Appreciate our history is different but honestly children's services/ early years was ok.

Also know a lady who hit 2 of her 4 kids recently and social services immediately got involved after the school reported them. Case is now closed and mum is learning to parent differently. You'll be ok.

myexisawanker · 13/10/2022 22:11

NinetyNineRedBalloonsGoBy · 13/10/2022 21:08

I had Early Help when my dd15 self harmed. They said it was voluntary and of course I was so devastated and desperate I bit their hand off to accept the offer. Even though I work in Childrens Services I was so so naive Sad

This is what I found:

It is VERY intrusive - long 1:1 meetings with ALL your dc, your home inspected at a minute level, their schools contacted (all the dc, not just the cause of concern)

After all the inspections and intrusion we were put on a waiting list for a youth group. Haven't heard a thing back over 18 months later

It's voluntary to join but NOT voluntary to leave. You stay on the "concern" register at their choice not yours.

While on the register they visit every 4-6 weeks with little or no notice and stay for hours. Then call the kids schools and tell them everything then bugger off.

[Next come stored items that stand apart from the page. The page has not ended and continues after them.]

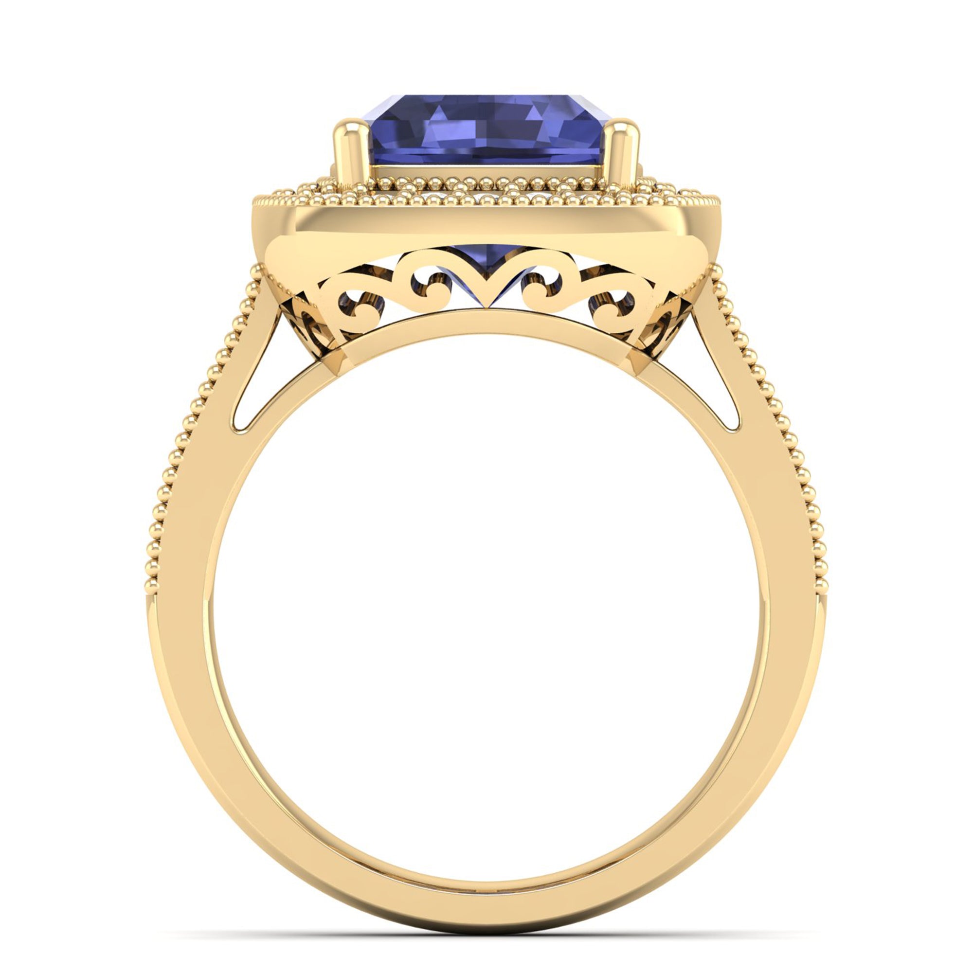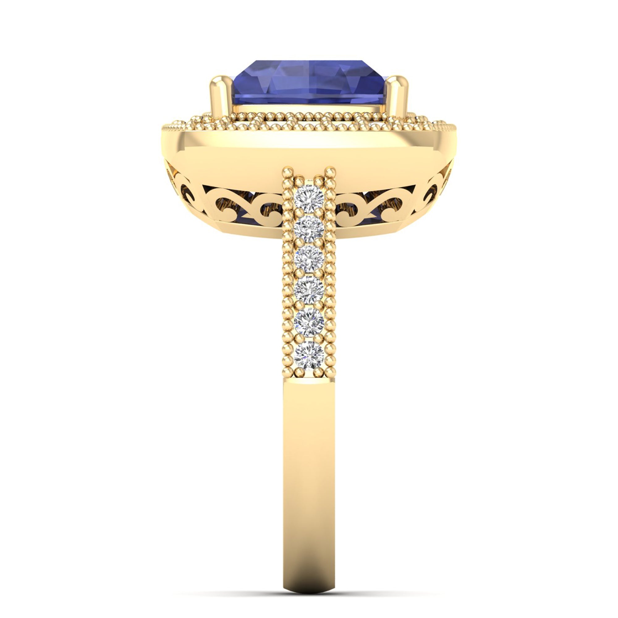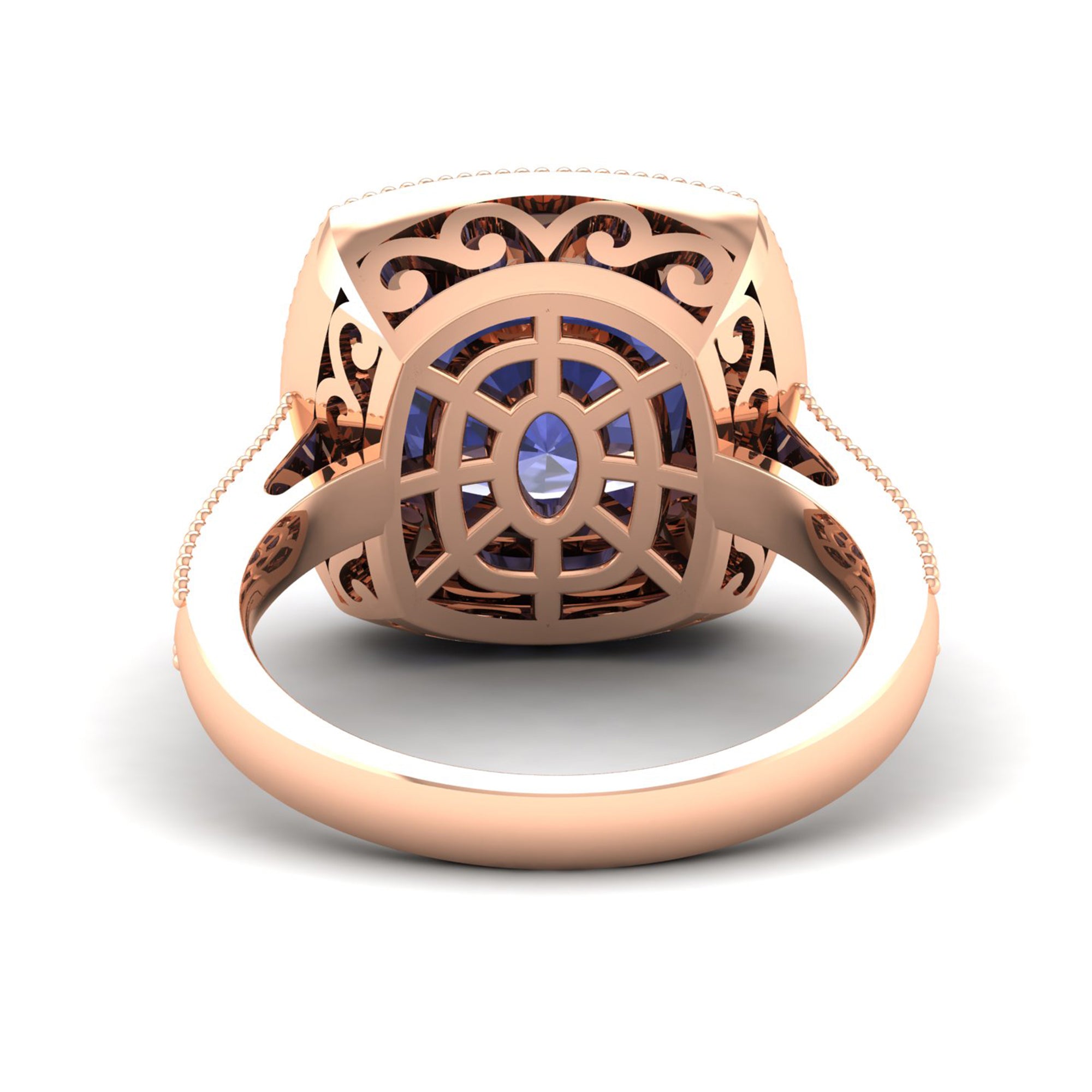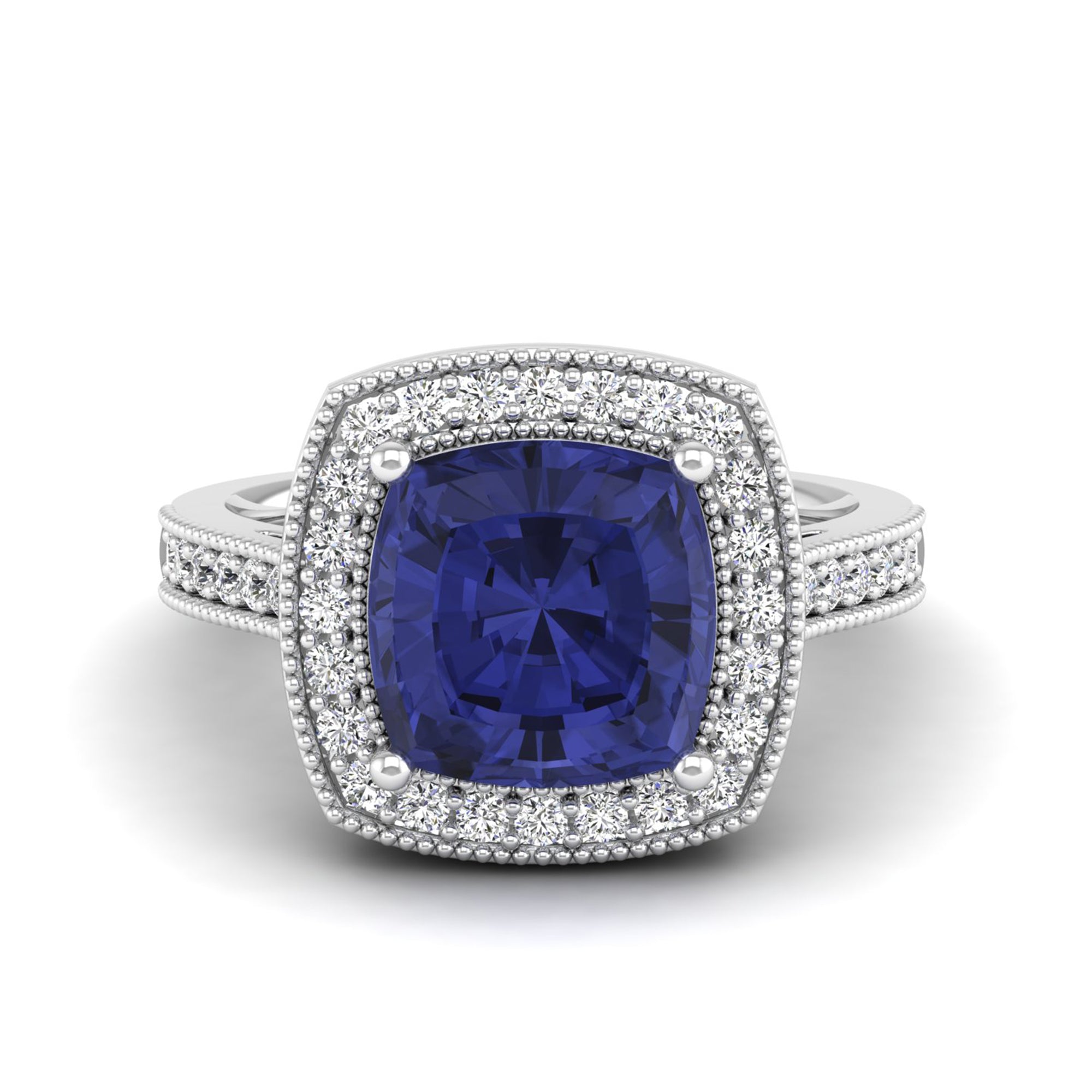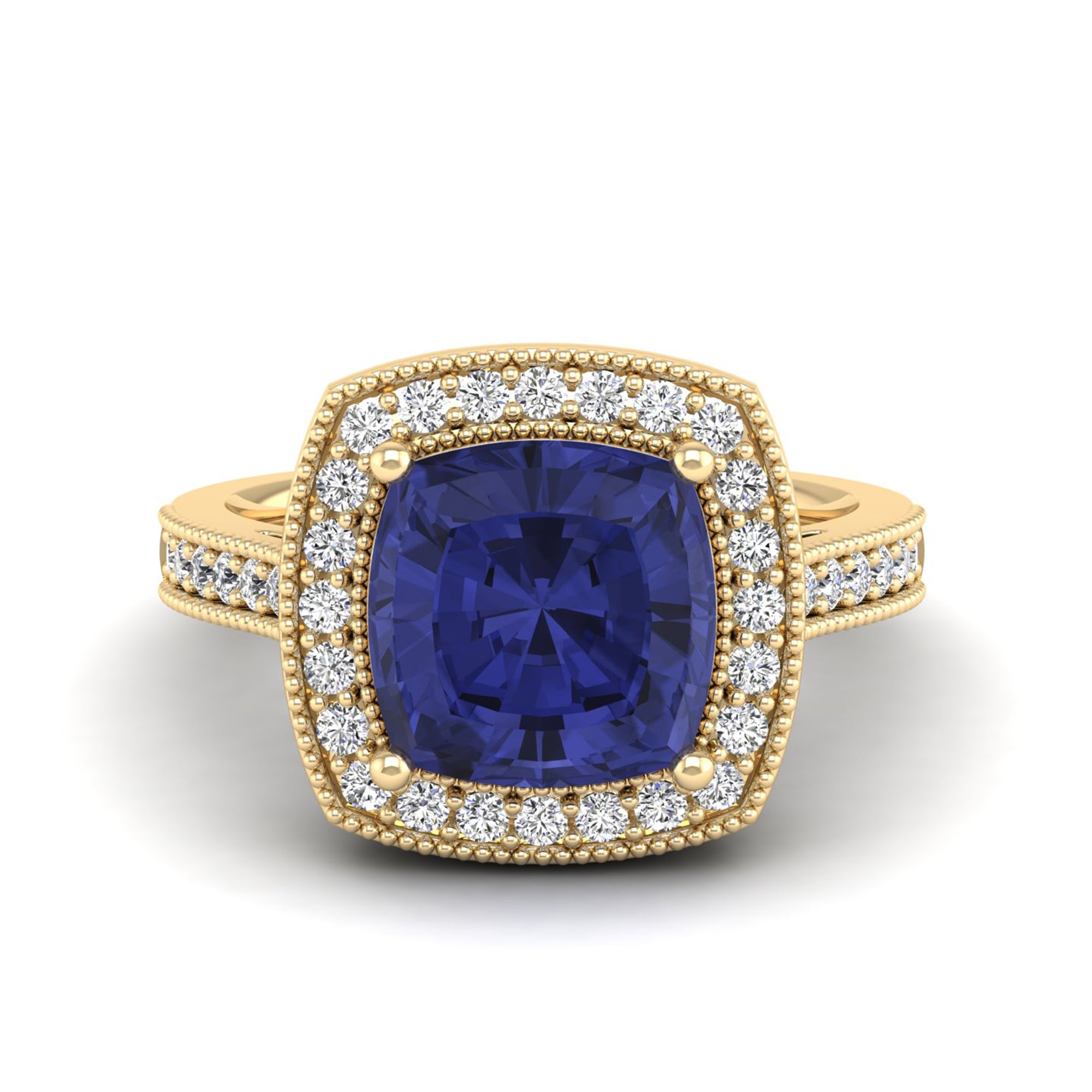 Halo Cushion Cut Tanzanite and Diamond Ring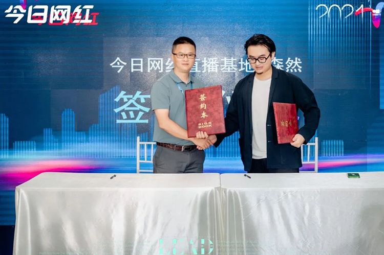 ▲森然品牌总监与义乌今日网红直播基地总经理(lǐ)签约、授牌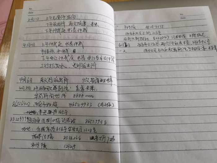 冯远会把每天的行程详细记录下来。新京报记者周小琪?摄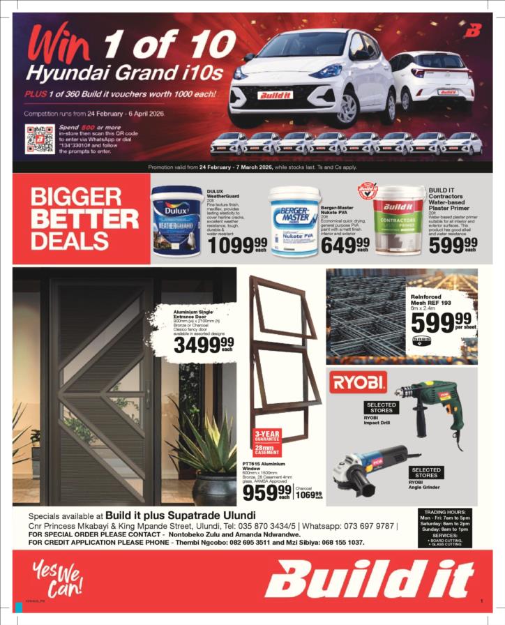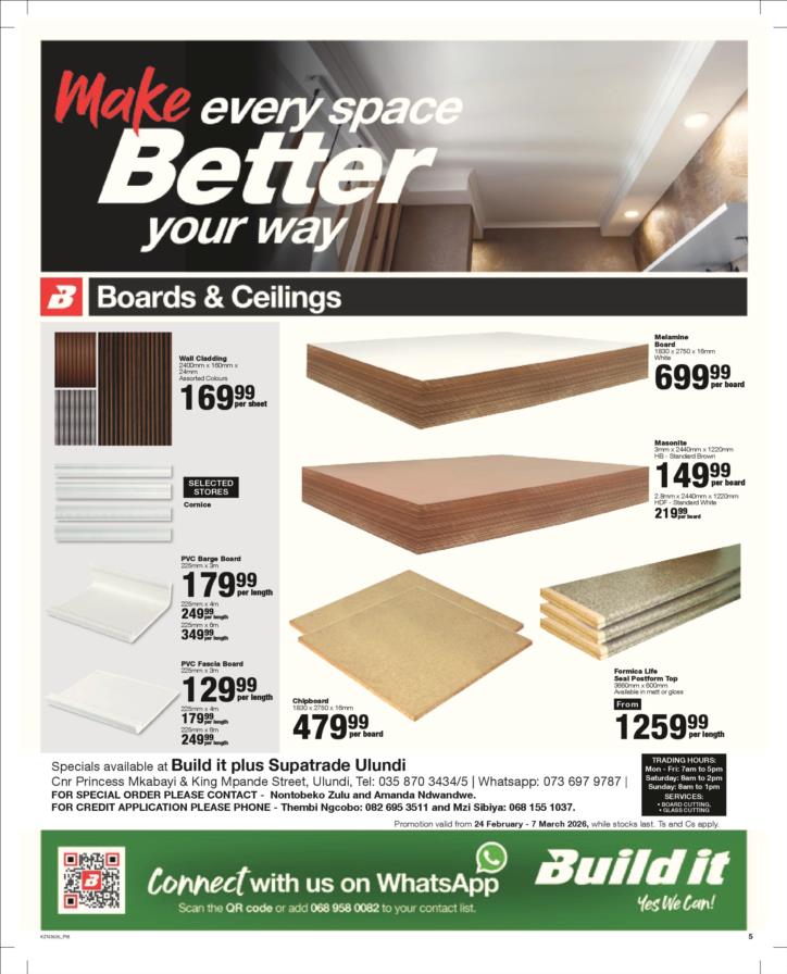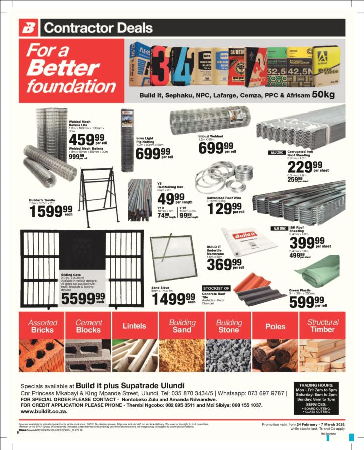 Tel: (035) 870 3434 Mobile: WhatsApp: Email: ulundibuildit1@retail.spar.co.za

To leave the useless but stressful register you have to prove you don't have the problem any more.. which with MH is almost impossible

My experience was nothing like this at all.

Don't be put off by stories on line. Make up your own mind.

It will be ok

myexisawanker · 13/10/2022 22:12

purpleme12 · 13/10/2022 21:52

This thread's really worrying me with what @NinetyNineRedBalloonsGoBy said.
That description didn't sound like what early help has been described to me as

It obviously depends on you support worker but I found them brilliant tbh, support just when needed

purpleme12 · 13/10/2022 22:32

@myexisawanker
Thank you bit worried by some stories here

BrightOrangeRectangles · 13/10/2022 22:35

Just wow. What a nanny state we live in. How times have changed. No wonder this place is going to the dogs.

LimpBiskit · 13/10/2022 22:42

BrightOrangeRectangles · 13/10/2022 22:35

Just wow. What a nanny state we live in. How times have changed. No wonder this place is going to the dogs.

A nanny state interfering with child abuse. How very dare they.